K.Ventures Limited v Peter Olumati [2018] KEHC 6207 (KLR)
Full Case Text
REPUBLIC OF KENYA
IN THE HIGH COURT OF KENYA
AT NAIROBI
CIVIL DIVISION
CIVIL APPEAL NO. 513 OF 2016
K.VENTURES LIMITED..........APPELLANT/RESPONDENT
VERSUS
PETER OLUMATI......................RESPONDENT/APPLICANT
RULING
By a Notice of Motion dated 10th October 2017 and filed on 11th October 2017, the applicant seeks that the appeal herein be dismissed for want of prosecution. The application is brought under Order 42 Rule 35(2) of the Civil Procedure Rules, Sections 1A and 1B of the Civil Procedure Act. It is supported by the Affidavit of Edwin Kamau sworn on 10th October 2017 and a Further Affidavit sworn on 5th December 2017.
The applicant states that since the Memorandum of Appeal was filed, the appellant has not taken any steps to prosecute it by setting it down for hearing, a clear indication that he is no longer interested in pursuing his claim. He urges that the delay has been inordinate and that the appeal lacks chances of succeeding, adding that the respondent’s case in the lower court had been at an advanced stage of trial when the appeal was filed.
The application was opposed through the Replying Affidavit of Michael Kamau Kimani, a director of the respondent company, sworn on 7th November 2017. The respondent reiterates his interest to pursue the appeal and urges that the respondent will suffer prejudice should the appeal be dismissed since it will have been denied an opportunity to present its case pending before the trial court.
The application was canvassed by way of written submissions. The appellant urged the court not to consider that the application which necessitated the appeal arose from its advocates mistakes in failing to file the documents which he had sought to introduce in the lower court’s proceedings. The appellant stated that the respondent’s response was an attempt to argue the merits of the appeal. He also submitted the period of over one year was inordinate delay justifying dismissal of the appeal for the interests of justice.

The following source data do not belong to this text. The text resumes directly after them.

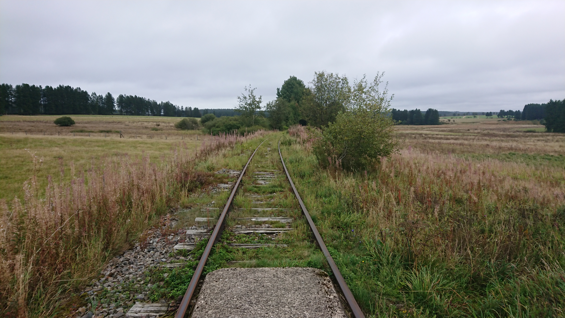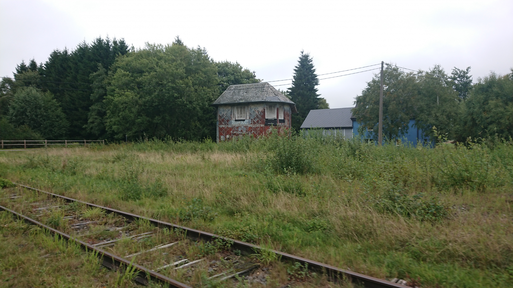 ein paar km weiter westlich entpringt dann die Rur. Und immer wieder begegnen wir den stummen Zeugen der gealttätigen Vergangenheit am Bahndamm. z.B. das Wachgebäude PD25.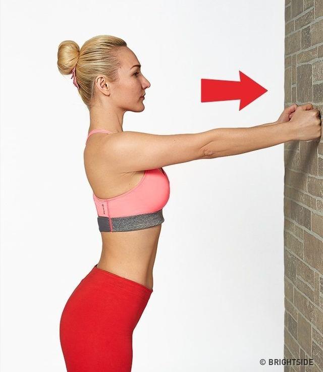 距離牆面半公尺,伸出雙臂,用力用拳頭頂住牆壁。壓20秒休息10秒,重複3次。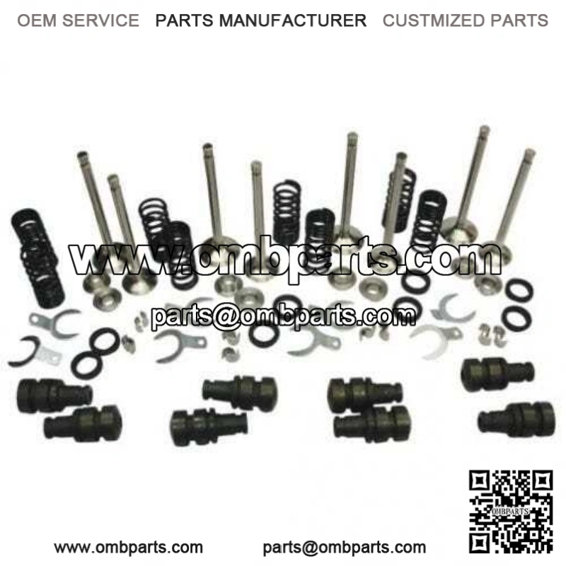 Kit includes: Intake and exhaust valves, valve spring retainers, valve guide seals, valve guide retainers, valve springs, valve guides and valve keepers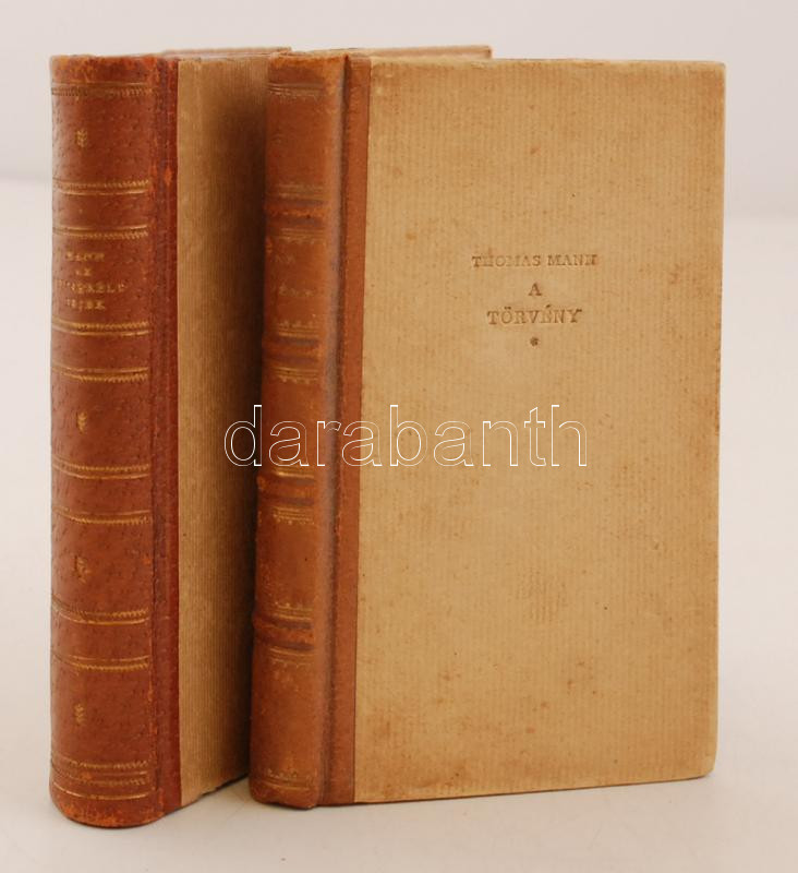 Két kötet az Új Elzevír Könyvtárból; Thomas Mann: Az elcserélt fejek. Új Elzevír Könyvtár 1. Fordította: Horvát Henrik. Az illusztrációkat Kondor Lajos rajzolta. 1980. számú példány. Budapest, 1957, Magyar Helikon. Kiadói félbőr kötés, 235 p. Thomas Mann: A törvény. Új Elzevír Könyvtár 2. Fordította: Vajda Endre. Drahos István fametszeteivel illusztrálva. Budapest, 1958, Magyar Helikon. Kiadói félbőr kötés, 172 p. A borítók kopottak. Drahos István eredeti fametszeteivel. Sorszámozott, bibliofil kiadás egészbőr kötésben. Bp., 1958, Magyar Helikon, (pár lap kijár)

Rule 35(2) of Order 42 of the Civil Procedure Rules under which the application is brought provides that:
If, within one year after the service of the memorandum of appeal, the appeal shall not have been set down for hearing, the registrar shall on notice to the parties list the appeal before a judge in chambers for dismissal.
Moving the court for dismissal of an appeal for want of prosecution under this provision is however, only available to the registrar and not a party. The appellant ought instead to have cited Rule 35(1) of Order 42 which provides that:
‘Unless within three months after the giving of directions under rule 13 the appeal shall have been set down for hearing by the appellant, the respondent shall be at liberty either to set down the appeal for hearing or to apply by summons for its dismissal for want of prosecution.’

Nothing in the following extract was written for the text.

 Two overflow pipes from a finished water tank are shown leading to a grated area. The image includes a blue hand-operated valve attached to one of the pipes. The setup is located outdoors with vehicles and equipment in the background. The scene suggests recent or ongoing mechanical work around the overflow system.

Nevertheless, I have considered the application on the basis of its substance over the procedural technicality of the applicant’s citation of the wrong provision of the law. The subject appeal was filed vide a Memorandum of Appeal dated 22nd July 2016, seeking to set aside orders of the trial court issued on 15th July 2016. It sought to challenge the Ruling of the trial court which declined to allow admission of documents by the respondent company in the pending proceedings. In the said proceedings, the matter had proceeded to conclusion and parties directed to file submissions. It is at that point that the respondent herein, filed an application seeking admission of the respondent’s statement and list of documents. This application was dismissed hence the filing of the appeal.
For an appeal to be liable for dismissal for want of prosecution under the proper provision Rule 35(1) directions must have been issued under Order 42 Rule 13 and three months lapsed without any action being taken by the appellant. Such directions have not been issued in this matter. That said, it is the duty of the appellant to move the court towards admission of an appeal in order to pave way for the issuance of directions. Rule 11 of Order 42 requires that once an appeal has been filed, the appellant should, within thirty days, cause the matter to be listed before a judge for directions under section 79B of the Act. Rule 13(1) of the same order also directs that:
‘On notice to the parties delivered not less than twenty-one days after the date of service of the memorandum of appeal the appellant shall cause the appeal to be listed for the giving of directions by a judge in chambers.’
It is not in dispute that it has been slightly over one year since the memorandum of appeal was filed on 29th July 2016. A perusal of the file shows that following the filing of the memorandum of appeal, a request was made by the Deputy Registrar of the High Court on 29th July 2016 for the record of proceedings of the lower court. No action has been taken by the appellant. From a reading of the provisions of Order 42 cited above, it is the appellant’s duty to set the appeal in motion by having it listed for directions. This ought to have been done within 30 days of filing the appeal. The appellant did not take any such step and has not provided any reasons for such failure. I am therefore inclined to find that this application bears merit, and therefore the appeal is dismissed with costs to the applicant.
Dated, signed and delivered at Nairobi this 16th day of May, 2018.